Print every line of the listing below, starting with the line that holds "DZILAM GONZÁLEZ, Yucatán, lunes" and going on through the line that holds "エッグサンド、小松菜のクリームスープ、大豆のチョコりんかけ、牛乳", both included, and print nothing else.

MATERIAL PROVIDED: Begin

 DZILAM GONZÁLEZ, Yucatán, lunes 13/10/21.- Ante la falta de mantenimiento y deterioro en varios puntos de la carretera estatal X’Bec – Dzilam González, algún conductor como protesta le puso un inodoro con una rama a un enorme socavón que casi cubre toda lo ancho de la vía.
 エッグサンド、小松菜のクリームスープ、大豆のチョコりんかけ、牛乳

MATERIAL PROVIDED: End
MATERIAL PROVIDED: Begin

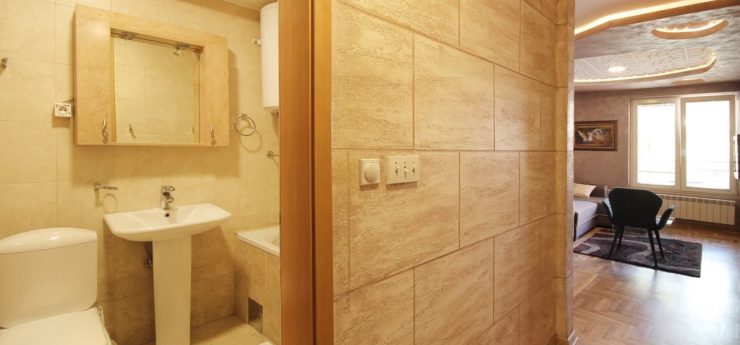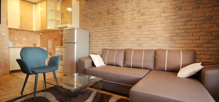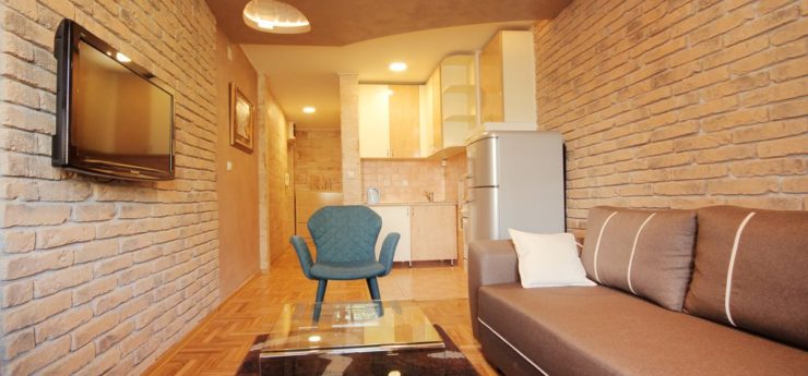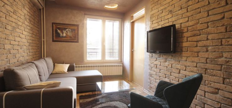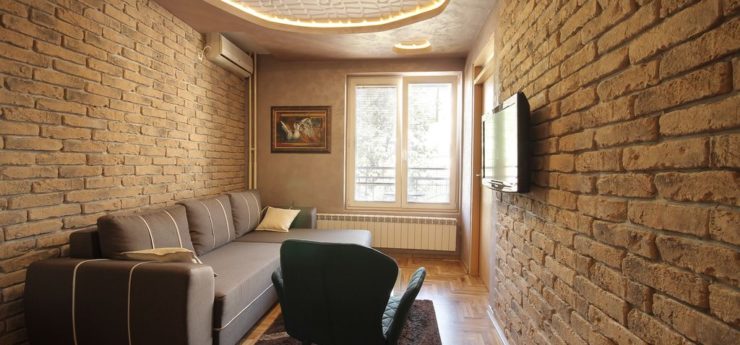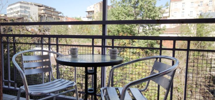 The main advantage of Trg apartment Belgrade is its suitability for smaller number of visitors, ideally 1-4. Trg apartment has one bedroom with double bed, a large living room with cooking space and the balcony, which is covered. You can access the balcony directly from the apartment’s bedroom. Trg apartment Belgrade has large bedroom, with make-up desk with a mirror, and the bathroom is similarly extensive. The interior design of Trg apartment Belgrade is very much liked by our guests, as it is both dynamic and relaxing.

MATERIAL PROVIDED: End

→ **OUTPUT OF THE TASK**
 DZILAM GONZÁLEZ, Yucatán, lunes 13/10/21.- Ante la falta de mantenimiento y deterioro en varios puntos de la carretera estatal X’Bec – Dzilam González, algún conductor como protesta le puso un inodoro con una rama a un enorme socavón que casi cubre toda lo ancho de la vía.
 エッグサンド、小松菜のクリームスープ、大豆のチョコりんかけ、牛乳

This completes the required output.